Fieldstone is an interesting word. Its origin is based on an annual ritual that early farmers, and farmers today, had to perform each spring. After the snow would melt off the fields, there would be stones popping up through the soil where none had been the previous fall.

These rocks are forced up little by little each winter season through the soil by frost action, and every year some finally burst through like a little chick pops out of an egg. Since these stones were discovered in the fields, the farmers would call them fieldstone. See Mom, that college tuition paid off! When I went to college, I majored in geology, and learned all about frost and stones at that time.

It didn’t take farmers long to figure out what to do with these seemingly pesky stones. The first use of the stones was for foundations to the homes, barns and outbuildings as well as a fieldstone fireplace or two. But as more stones floated up to the surface, farmers discovered they were perfect for a fieldstone wall. I’m fortunate to have many of these ancient fieldstone walls on my land in New Hampshire. When constructed properly, these walls can last hundreds of years without any mortar between the stones or a foundation!

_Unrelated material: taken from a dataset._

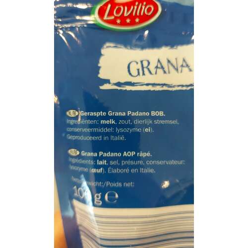 Grana padano is min of meer de gepasteuriseerde versie van Parmezaanse kaas, dus het is 100% veilig. Rauwe melk wordt op de verpakking altijd specifiek vermeld met 'rauwe melk' of op z'n Frans 'au lait cru'. Alle 'harde' rauwmelkse kazen zijn bovendien veilig om te eten (dus Parmezaanse kaas en ook boeren Goudse kaas is oké). Listeria groeit namelijk alleen op de vochtige korst van rauwmelkse zachte kazen (rauwmelkse brie, camembert, blauwe kaas, etc.).

Travel to different parts of the USA and you’ll see a fieldstone home or two both in the country and even the city. I can take you to any number of homes in Cincinnati, OH, where fieldstones were used as the exterior skin of the home.

One of my own jobs incorporated a unique use of fieldstone. I built a splendid room addition for Matthew Motz on Clough Pike in eastern Cincinnati. Matt was an amazing man who loved simplicity and times gone by. He wanted the entire end wall of the basement family room as well as the wall above in his bedroom to be made from fieldstone. Suffice it to say it was drop-dead gorgeous.

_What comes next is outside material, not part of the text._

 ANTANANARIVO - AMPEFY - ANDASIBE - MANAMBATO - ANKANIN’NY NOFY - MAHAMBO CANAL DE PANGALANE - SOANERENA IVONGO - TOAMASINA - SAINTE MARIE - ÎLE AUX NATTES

The fieldstone for Matt’s interior walls was installed exactly how I would install a fieldstone veneer on the exterior of a home. A veneer is just that - a thin coating of something that you see as the final layer. You can build a solid stone wall if you want, and many older homes are constructed this way, but they are not very energy efficient. By adding a fieldstone veneer to a frame wall, or some other highly insulated masonry bearing wall, you get the look of a solid stone wall, but the efficiency of a well-insulated wall.

When you install a stone veneer, the stone needs only be 4 or 5-inches deep. You stack them on top of one another using varying amounts of mortar depending upon the look you want. Every 16 inches of vertical height of the wall, you need to install corrugated metal strips that are cemented into the rock wall and bent up onto the stud wall and nailed to the studs. These metal strips prevent the stone veneer from tipping over and falling to the ground. Believe me, it’s happened with stone and brick veneers in many locations.

Fieldstone construction is an art. Often the stone masons can be seen chipping away at the rocks to make dressed fieldstone so that each stone can fit perfectly adjacent to other stones. You can see this done on many a fieldstone retaining wall that’s made from coarse fossilized limestone. Rounded fieldstone will rarely be dressed. The masons simply look for different sizes of stone that work well together.

Natural fieldstone can be found throughout New England, the upper Midwest and in farming areas of the West. If you want to see it in its splendor, go on a day road trip out into the country and see if you can talk with a farmer. Ask if he can take you out to a field to see one of the beauties that’s sticking its nose out of the ground. This may seem extreme, but it could make for a very fun day. You just may luck out and meet a fascinating farmer that will be glad to take you on a small tour of his land and farm. Stranger things have happened!